Juan Pablo Gallegos Work Lina

Lina

Rebuilding a brittle no-code agent into a system I could actually steer.

AI / Backend Engineer · Freelance 2025 Python LangChain RAG WhatsApp
Role
AI / Backend Engineer
Duration
3 months
Stack
Python · LangChain · pgvector
Context
WhatsApp commerce agent
Proof summary

What changed before the long read

The case is not “AI agent built.” It is a live agent moved from demo fragility into an owned, inspectable production system.

Migration
No downtime while roughly fifteen merchants kept using Lina daily.
Control
A no-code wrapper became an owned Python and LangChain stack.
Operability
Bad answers became traceable through persisted state and stage-level logs.
01

Context

Lina is a WhatsApp agent that recommends local businesses inside a normal chat — find a florist, a hardware store, a place that fixes phones — and routes shoppers to merchants who pay to be listed.

By the time I joined it was already in daily use by around fifteen merchants. It was real, it had users, and it was held together with tape.

02

Problem

Lina had been built as a no-code wrapper: a chain of third-party blocks wired together in a visual flow. It worked for the demo and kept working until it didn't.

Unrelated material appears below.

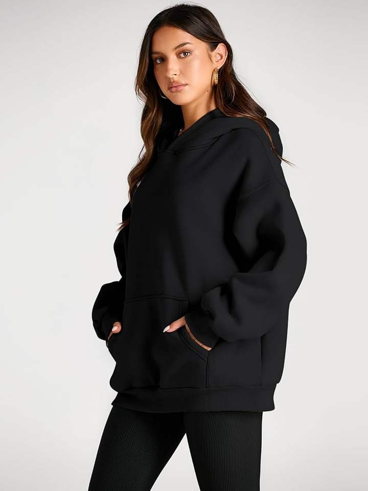 เสื้อมีฮู้ดสวมหัวแขนยาวน้ำหนักเบาแบบลำลองสำหรับผู้หญิงเสื้อสเวตเชิ้ตแบบหลวมมีฮู้ดกระเป๋าไม่มีเชือก

There was no way to debug a bad answer, no test surface, and no real visibility into why the agent did what it did. Adding a merchant or tuning a recommendation meant clicking through a flowchart and hoping nothing downstream broke.

03

Constraints

Live merchants depended on Lina every day, so the migration could not go dark — the new system had to take over without a visible gap.

The WhatsApp Business API sets its own rules: session windows, template messages, and rate limits that the design had to respect.

This was a solo freelance engagement measured in weeks, not quarters. The rebuild had to reach feature parity fast and stay maintainable by one person.

04

Role

I was the sole engineer. I re-architected Lina from scratch on a Python and LangChain stack, designed the retrieval layer, and owned the WhatsApp integration, deployment, and observability end to end.

05

System shape

Lina is a pipeline, and every stage is something I can inspect on its own:

Inbound webhook
Normalize
Intent + RAG
Compose
WhatsApp send

An inbound message is normalized, classified for intent, and answered with retrieval-augmented generation over the merchant catalogue stored in pgvector. A response composer shapes the reply, and a send adapter wraps the WhatsApp API so the agent core never imports it directly.

Conversation state is persisted per phone number, and every stage logs its input and output — so a bad answer is a thing I can trace, not a mystery.

Trace surface
Observable pipeline
Inbound
Normalize before reasoning. WhatsApp payloads become a predictable message shape before the agent core sees them.
Retrieval
Separate data failures from model failures. Intent, merchant lookup, and answer composition can be inspected independently.
Boundary
Keep provider quirks outside the core. The WhatsApp adapter owns session windows, templates, and send semantics.
06

Key decisions

Decision 01
Owned code over no-code

Once real users arrive, predictability and debuggability beat speed-to-first-demo. A no-code flow is a great way to find the product and a poor way to keep it running.

Decision 02
RAG over fine-tuning

The merchant catalogue changes every week. Retrieval keeps answers current as data changes, with no retraining and no model drift to manage.

Decision 03
Provider behind an adapter

WhatsApp send and receive are wrapped behind an adapter, so the agent core is fully testable without touching the live API and provider quirks stay in one file.

07

Trade-offs

Gained

  • Every answer is traceable end to end
  • Adding a merchant is a data change, not a flowchart edit
  • A deterministic test harness around the agent core
  • Provider quirks isolated in one adapter

Cost

  • More infrastructure to run than a hosted no-code flow
  • A solo-maintained stack with a single owner
  • Cold-start engineering time before reaching parity
08

Outcome

Lina migrated off the no-code wrapper with no downtime and stayed in daily use by its roughly fifteen merchants throughout. Answers became debuggable and improvable, and the system finally had a foundation that could grow past the demo it started as.

09

Lessons

1
No-code is an excellent way to discover a product and a dangerous way to operate one once people depend on it.
2
Retrieval quality is a data problem long before it is a model problem — most of the wins came from the catalogue, not the LLM.
3
In a solo engagement, observability is the feature that lets you sleep. You cannot staff your way out of a bad night, so the system has to explain itself.